Why it fails: When going left to right, you can't determine what excess will arrive from the right, making it impossible to correctly calculate redistributions.

Correct Approach:

def check(mx):
    deficit = 0
    for x in nums[:0:-1]:  # RIGHT to LEFT - CORRECT!
        deficit = max(0, deficit + x - mx)
    return nums[0] + deficit <= mx

2. Forgetting to Handle the First Element Separately

The first element (index 0) is special - it cannot pass values to the left. A common error is treating it like other elements:

Wrong:

def check(mx):
    deficit = 0
    for x in reversed(nums):  # Includes nums[0] in the loop
        deficit = max(0, deficit + x - mx)
    return deficit == 0  # Wrong validation

Correct:

def check(mx):
    deficit = 0
    for x in nums[:0:-1]:  # Excludes nums[0]
        deficit = max(0, deficit + x - mx)
    return nums[0] + deficit <= mx  # Separate check for nums[0]

3. Integer Overflow with Large Values

When working with large numbers, accumulated deficits can overflow.
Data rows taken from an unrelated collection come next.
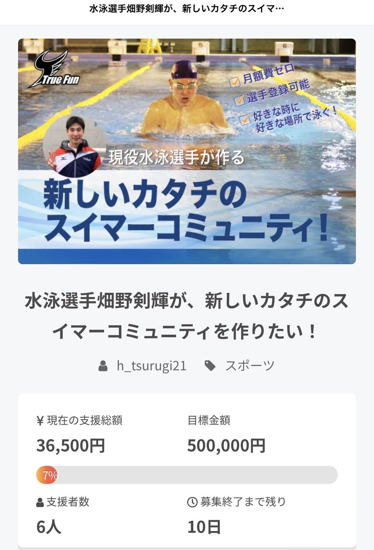 2022/03/20 20:00皆様こんばんは、クラファン掲載終了まで残り10日となりました‼︎今現在6名の方にご支援を頂きました。ありがとうございます。開始当初はご支援数を多く頂けていましたが今は伸び悩んでいます。スイムチームを運営するとことに対し中々ピンと来ないかと思いますが、第一は皆様のご支援が合ってこそだと感じております。引き続き皆様のご支援よろしくお願い致します。 もっと見る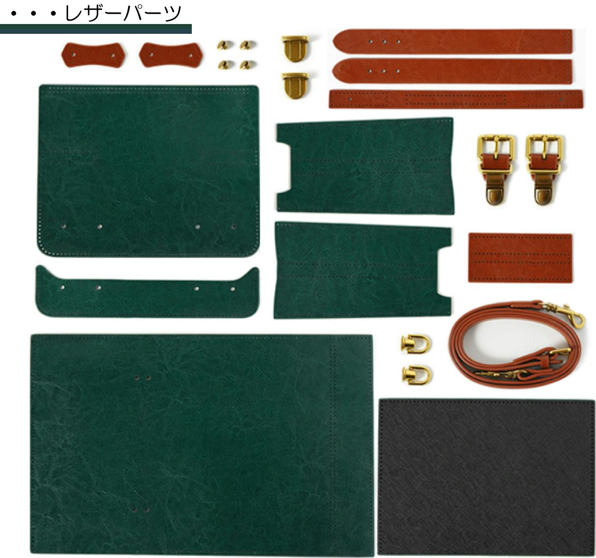 バッグの本体パーツ、付属パーツ、針、糸を付属しておりご自身の手でパーツを縫い合わせて完成させて頂く組み立てキットです。
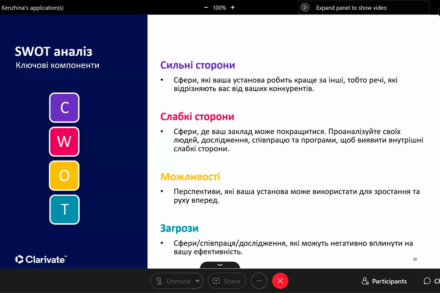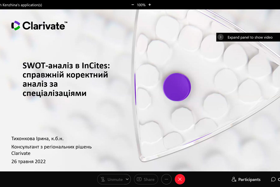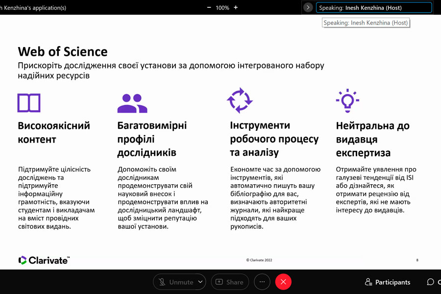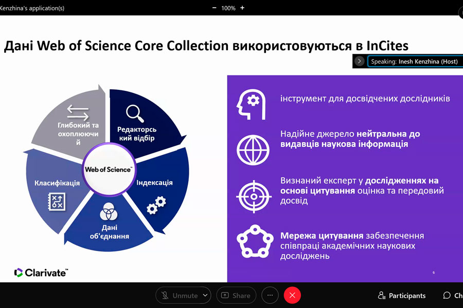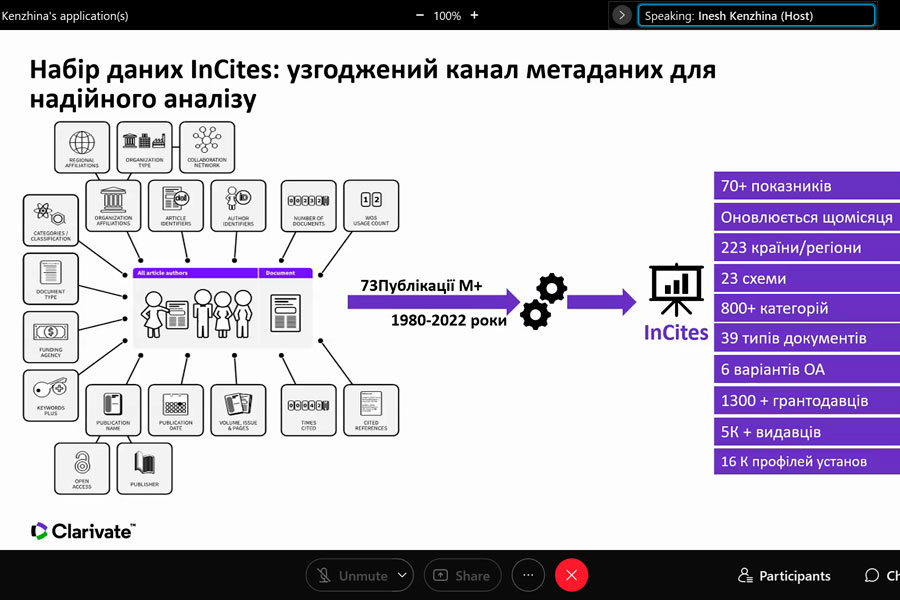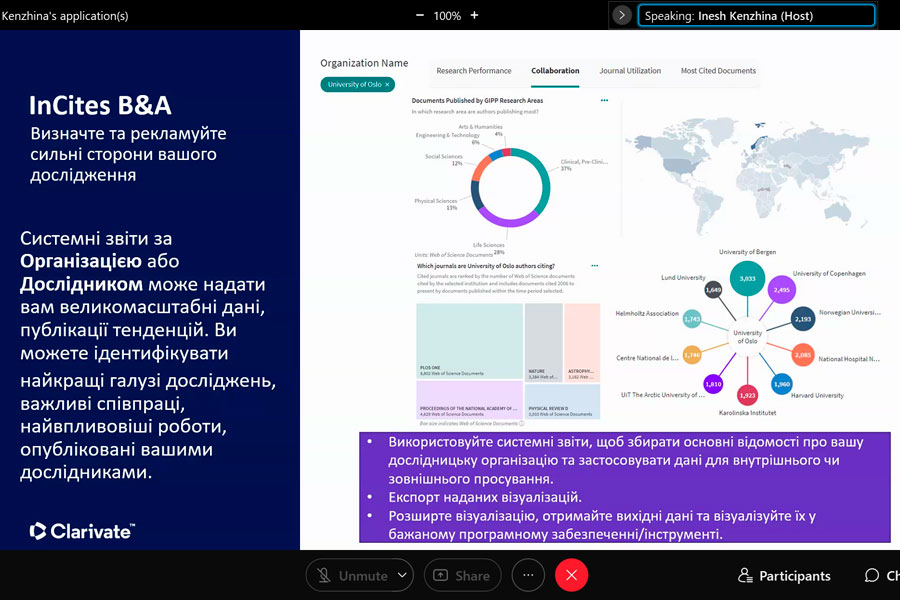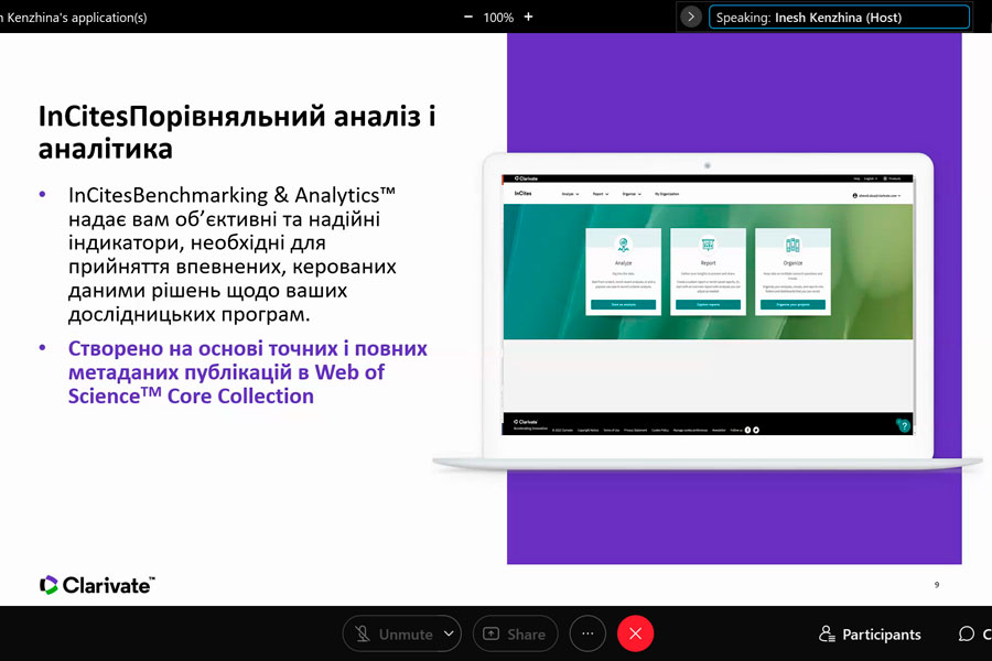 Під час участі в онлайн-заході із серії «Research Smarter» учасники довідалися про InCites Benchmarking & Analytics (створений на основі точних і повних метаданих публікацій в Web of Science TM Core Collection), який надає об’єктивні та надійні індикатори, необхідні для прийняття впевнених, керованих даними рішень щодо дослідницьких програм. Разом із тим з’ясували, як коректно аналізувати продуктивність інституцій, оцінювати співпрацю, визначати експертів у тематиці, демонструвати сильні сторони, відкривати можливості, порівнювати з аналогами.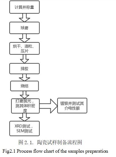 本文采用固相法来制备掺杂不同氧化物的原料粉体,经压制成型后排胶,在不同温度下烧结,测量陶瓷体积密度,得到体积密度最大的样品,即为烧结最致密的样品。对烧结好的样品进行X射线衍射分析(XRD)和扫描电子显微分析(SEM)测试,并对其介电性能进行测试。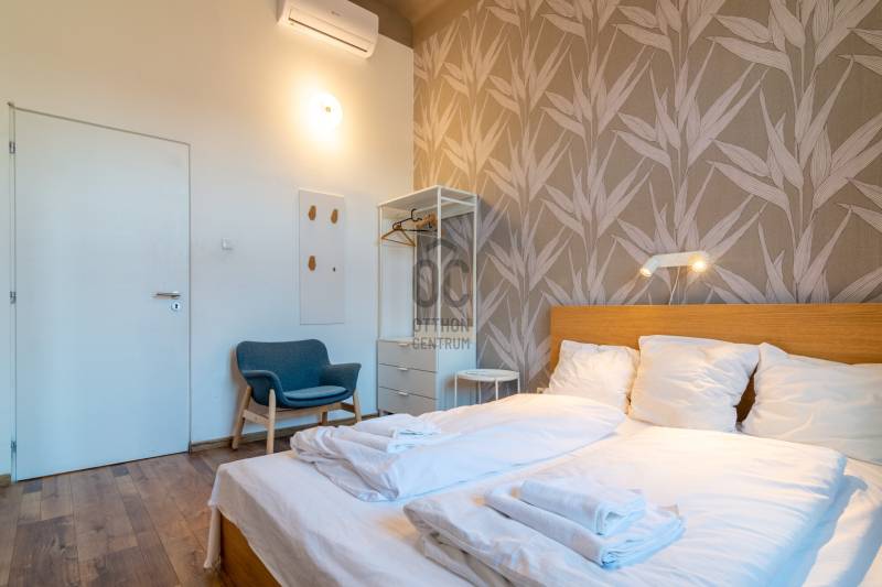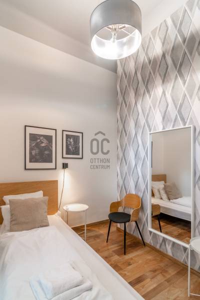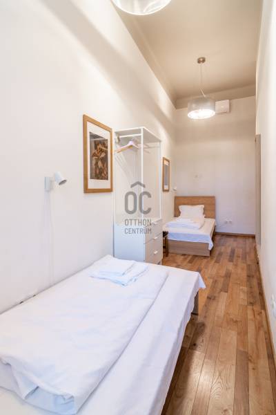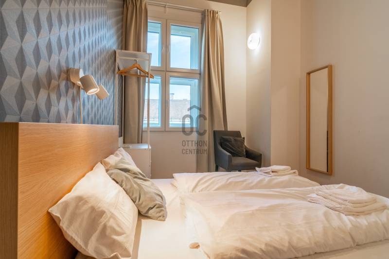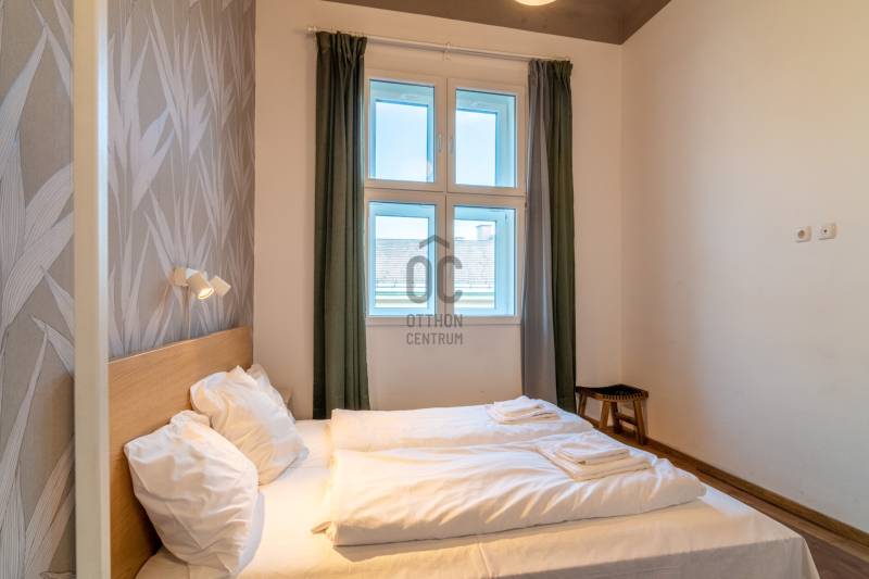 Budapest szívében a GOZSDU udvar SZOMSZÉDSÁGÁBAN (VI. kerület Belső Terézváros) kínálok eladásra egy belső építész által megálmodott és magas minőségben kivitelezett, 75 nm-es, 4 teljes szobás, 2 külön bejáratú fürdőszobás, tipikusan MAGÁNSZÁLLÁSHELY (AIRBNB, BOOKING) céljából kialakított, TELJESKÖRŰEN és MAGAS MINŐSÉGBEN FELÚJÍTOTT, utcai nézetű lakást.Engedéllyel és HRSZ-re szóló társasházi közgyűlési hozzájáruló határozattal rendelkezik - 7 főre, 4 vendégszoba (2 db 12 m2-es és 1 db 13,1 m2-es utcai 1 db 8 m2-es udvari szobával).Az ingatlan jelenleg is működő Airbnb profillal és foglalásokkal rendelkezik, mely igény esetén továbbvihető, azonnal működtethető. Átlag HAVI ÁRBEVÉTELE bruttó 2.500 euró. 2 db külön bejáratú fürdőszobájában egyedi épített zuhanyt, WC-t és mosdót alakítottak ki.Minden helyiség külön klimatizált - lefolyóba bekötött cseppvíz elvezetéssel.Konyhája gépesített, beépített hűtőszekrénnyel, mosogatógéppel, főzőlappal és mikrohullámú sütővel, valamint 8 főre teljes felszereltséggel.Utcai ablakai teljesen hangszigeteltek - dupla sorosak, külső oldalon 3 rétegű-, belső oldalon 2 rétegű hőszigetelt műanyag nyílászárók.Elektromos hálózatát 3x25 Amperre bővítették.Bármerre is indul a városban, a környéken mindig megtalálja a legjobb lehetőséget a tömegközlekedésre, hiszen a 4-6-os villamos, a 70-es, 78-as, 74-es trolibuszok mellett az 1-es 2-es és 3-as metróvonal, valamint számos nappali és éjszakai buszjárat rövid sétatávolságon belül elérhető, továbbá a legnépszerűbb üzletek, éttermek, szolgáltatások, bevásárlóközpontok, illetve kulturális és szórakozási lehetőségek is megtalálhatók a közelben, ezért is vonzó célpont a fiatalok, diákok és turisták számára, akár rövid-, akár hosszútávú kiadásban gondolkozik, kiemelkedően magas hozamot jelentenek tulajdonosaik számára.Bővebb információért várom hívását!Egyedi igényekre szabott lakáshitelekkel állunk rendelkezésére.Bankfüggetlen hitelcentrumunk az országban elérhető összes bank és hitelintézet ajánlatát versenyezteti az Ön számára díjmentesen.Munkatársaink nagy szakmai tapasztalattal várják Önt az előre egyeztetett időpontban akár a normál munkaidő után is.

While Python handles big integers automatically, in other languages this requires attention:

Potential Issue (in languages like Java/C++):

# If nums contains very large values, deficit accumulation might overflow
deficit = deficit + x - mx  # Could overflow in other languages

Solution: Use appropriate data types (long long in C++, long in Java) or add overflow checks.

4. Off-by-One Error in Binary Search

Using the wrong binary search template can cause infinite loops or miss the answer:

Wrong:

while left <= right:  # Using <= can cause issues
    mid = (left + right) // 2
    if check(mid):
        right = mid - 1  # Might skip the answer
    else:
        left = mid + 1

Correct:

while left < right:  # Use < for this template
    mid = (left + right) // 2
    if check(mid):
        right = mid  # Keep mid as potential answer
    else:
        left = mid + 1

5. Misunderstanding the Operation Direction

Some might think values can move in both directions:

Wrong Mental Model: "I can redistribute values freely between adjacent elements"

Correct Understanding: "Values can ONLY move from right to left (from nums[i] to nums[i-1])"

This fundamentally changes the problem - if bidirectional movement were allowed, you could simply average all values, but the constraint makes it more complex.